Cell co-culture assays

This study used six-well plates and a 0.4 μm Transwell chamber for the cell co-culture assay. TREM1+ Mφ (5 × 105 cell/well) were seeded in the upper chamber and pyroptotic HOK cells (5 × 105 cell/well) were seeded in the lower chamber for 24 h. Next, we collected the supernatants to determine the IL-1β concentration.

MIHC and IHC

MIHC

Six tissue samples (NREOLP = 3, REOLP = 3) were used for mIHC. Paraffin sections were pretreated by dewaxing, rehydration, and antigen retrieval. Subsequently, sections were subjected to sequential staining cycles using the IRISKit HyperView mIF kit (LuminIris, China; #MH010101). The primary antibodies included were GSDMD (1:500; Bioss, China; #BS-14287R), E-cadherin (1:1000; HUABIO, China; #ET1607-75), LPS (1:100; Cloud-clone, China; MAB526Ge22), TREM1 (1:1000; Proteintech, China; #11791-1-AP), CD68 (1:200; Abcam, England; #ab201340), IL-17A (1:300; Proteintech, China; #26163-AP), CD3 (1:1000; HUABIO, China; #HA720082), and DAPI (1:500; Beyotime, China; #C1002). The secondary antibodies used include Rabbit poly-HRP (HUABIO, China; #HA1119) and Mouse poly-HRP (HUABIO, China; #HA1120). Images were obtained using a slide scanner (Olympus, VS200), and image registration was performed using Image J1.53t.

IHC

Six tissue samples (NREOLP = 3, REOLP = 3) were taken for IHC staining. Paraffin sections were treated in the same way as the pretreatment of multiplex immunofluorescence. The primary antibody HMGB1 (1:200; Servicebio, China, #GB11103) was incubated overnight at 4 °C. On the second day, the sections were incubated with the secondary antibody, Goat anti-rabbit immunoglobulin G-horseradish peroxidase (1:200; Servicebio, China, #GB23303), at room temperature for 50 min and subsequently taken for DAB chromogenic reaction. Finally, images were obtained using a slide scanner (Leica, Aperio VERSA8).

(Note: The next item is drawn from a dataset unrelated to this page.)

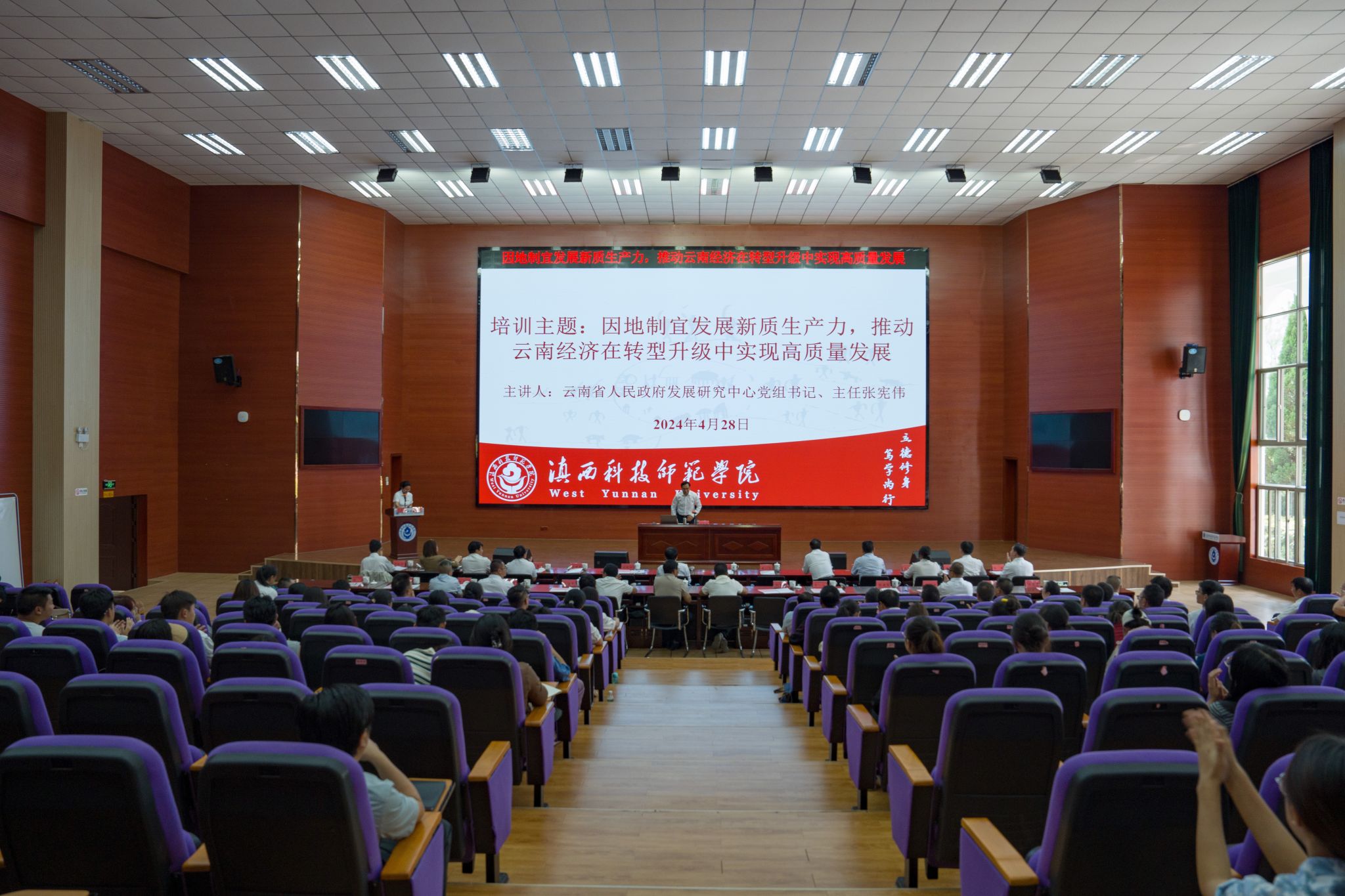 4月28日,云南省人民政府发展研究中心党组书记、主任张宪伟到校开展专题讲座。校党委书记阮凤斌出席讲座,校党委委员、副校长梅英主持讲座。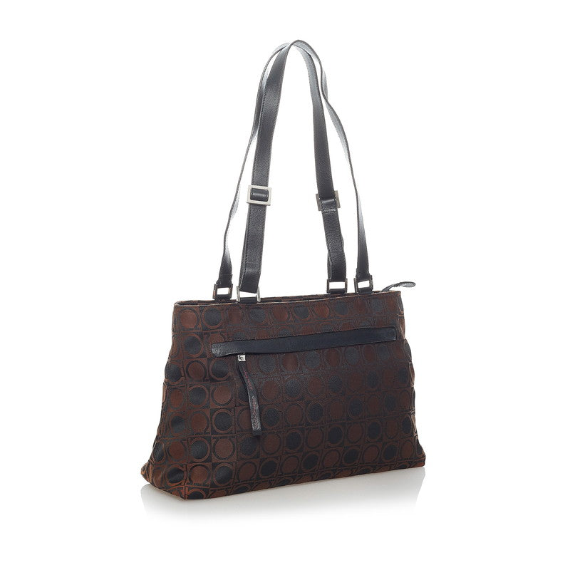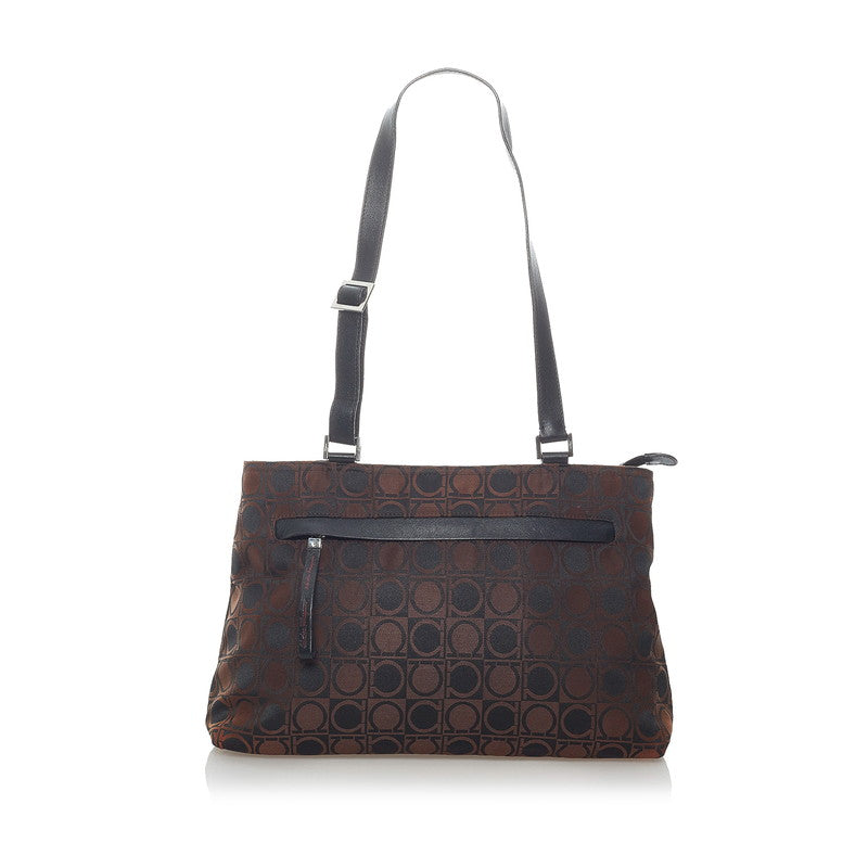 サルヴァトーレフェラガモ ガンチーニ ショルダーバッグ AU-21 0868 ブラウン ナイロン レザー レディース Salvatore Ferragamo 【中古】

Statistical analysis of mIHC and IHC

Images from mIHC and IHC were analyzed using Qupath 0.4.3 [60]. All images were randomly selected from three fields to detect cell counts. The selected fields were further classified as epithelial cell zones and lamina propria lymphocytic infiltration zones to calculate the cell percentages in the above zones. Statistical tests were performed using GraphPad Prism 8. An unpaired Student’s t-test was used when the assumptions of homogeneity of variance (assessed by F-test, p > 0.05) and normality of data (assessed by Shapiro-Wilk test, p > 0.05) were met. Welch’s t-test was used when homogeneity of variance was violated (F-test p < 0.05) but normality held (Shapiro-Wilk test p > 0.05). The Mann-Whitney U test was used for non-normally distributed data (Shapiro-Wilk test p < 0.05).